Симон несколько раз прошелся по комнате и тоже остановился возле окна с вышитыми занавесками.
– Так что было бы, Таинька, будь я твоим мужем?
– А зачем тебе знать? Тебя что, это сильно волнует?
– Все же интересно.
– Она у тебя, видно, дурочка.
– Кто?
– Кто? Твоя жена. На ее месте я бы тебя ввек от себя не отпустила.
– Привязала бы к себе? Чем?
– Чем? – Она быстро обернулась к нему и обвила руками его шею, чуть не повиснув на ней. – Вот попробуй вырвись.
Но Симону не хотелось освобождаться из кольца ее сильных рук.
Покоряясь, он пригнул ниже голову, ловя взгляд ее затуманенных и полузакрытых глаз, и вдруг припал к ее горячим губам.
Таисия отвернула пылающее лицо от Симона и легонько оттолкнула его от себя:
– Не надо. Ну, не надо… Ты ведь женатый… У тебя ведь жена.
Таисия говорила так, будто только сейчас случайно узнала об этом, упрекает его, не может простить ему, что он до сих пор морочил ей голову.
– Я был женат. У меня была жена. – Отвечая так, Симон как бы хотел сказать, что ничем перед ней не провинился. Если уж на то пошло, она ни о чем его и не спрашивала. Но Симон вовсе не хотел, чтобы Таисия истолковала его ответ так, будто, начиная с этой минуты, он дает ей право не отпускать его от себя ни на шаг. Поэтому поторопился добавить: – Но мы еще не развелись.
– Почему? Она не дает развода?
– А может быть, я не даю.
– Тогда, понятно, дело другое. Хочешь сказать, что все еще любишь ее.
– Не знаю. – И словно не был уверен, что до нее это дошло, повторил громче: – Не знаю. – Он прошел к столику, постоял недолго возле него и снова вернулся к окну. – Иногда мне кажется, – произнес Симон так глухо, будто делился этим лишь с самим собой, – что по-настоящему я никогда ее не любил. Но сына своего я очень люблю.
– Как его зовут?
– Даниель. Данечка. Он уже большой. Ему второй год.
– А ее как зовут?
– Ханеле. Хана.
– С чего у вас все началось? – И словно ему надобно было, чтобы она помогла ему подсказками, спросила: – Она тебе изменяла?
– Нет, она мне не изменяла. И я ей не изменял. Но мы с ней разные люди. Не знаю, поймешь ли ты. Мы с ней принадлежали к разным классам.
– Почему это я не пойму? Когда жила в деревне, ко мне сватался сын кулака. Тихий и красивый парень.
– Моя Ханеле – не дочь кулака.
– Нэпманша?
– Нет, она не из кулаков и не из нэпманов. Но мы с ней из разных классов. Чужие. Ну как тебе растолковать? Мы чужие по взглядам, по идеологии. Понимаешь…
И хотя Таисия постигала не все, она несколько раз, пока он ей все толковал, понимающе кивала, что должно было означать: тут и понимать-то особенно нечего. Все абсолютно ясно. И вывод, к коему в результате пришла, скрывать не стала, тут же выложила:
– Если так, то вы разведетесь.
– Вероятно.
С улицы донеслись голоса. Таисия опустила занавеску. И темнота в комнате стала почти непроглядной. Таисия вдруг спросила:
– А меня ты любишь? Стыдишься сказать об этом? А я, как видишь, не стыжусь. Все девчата на конвейере знают, что я тебя люблю.

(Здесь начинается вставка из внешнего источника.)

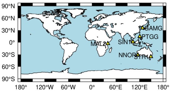 To verify the effectiveness of the proposed method, the real-time kinematic PPP is carried out with the real-time estimated satellite clock products before and after the abnormal clock detection. The PPP model and parameters are displayed in Table 2. Six IGS stations are selected, and the distribution is shown in Figure 12. The undifferenced BDS B1I/B3I phase and code ionosphere-free combination observations and the WHU ultra-rapid orbit products are used in the PPP processing model. To avoid the influence of day-boundary orbit error, the PPP experiment starts from the UTC 2:00 to 22:00 on each day. The daily positioning error of the PPP in the east, north, and up components is computed with respect to the post-processed IGS reference coordinates, and an example of the station PTGG on 4 January 2021 is shown in Figure 13. The average RMS accuracy of all days is presented in Figure 14, and the accuracy improvement is shown in Table 3.

Она будто случайно натолкнулась на него в темноте, ухватила его за руки и потянулась к нему:
– Я твоя. Твоя, Сенечка. А ты мой. Только мой.
Она не противилась, когда Симон, будто потеряв равновесие, упал с ней на кровать у окна…
То ли машина, проехавшая под окном с зажженными фарами, неожиданно высветила противоположный угол комнаты – и он вспыхнул серебром, то ли луна на миг выплыла из дымной завесы терриконов и бросила на него таинственный свет, но Симону показалось, что в скользящем том свете он увидел у стены в углу комнаты Ханеле, стоящую с Даниелькой на руках. Она что-то нашептывала сыну на ухо и показывала пальцем на него, Симона. Из глаз Ханеле протянулись к нему два ярких луча света.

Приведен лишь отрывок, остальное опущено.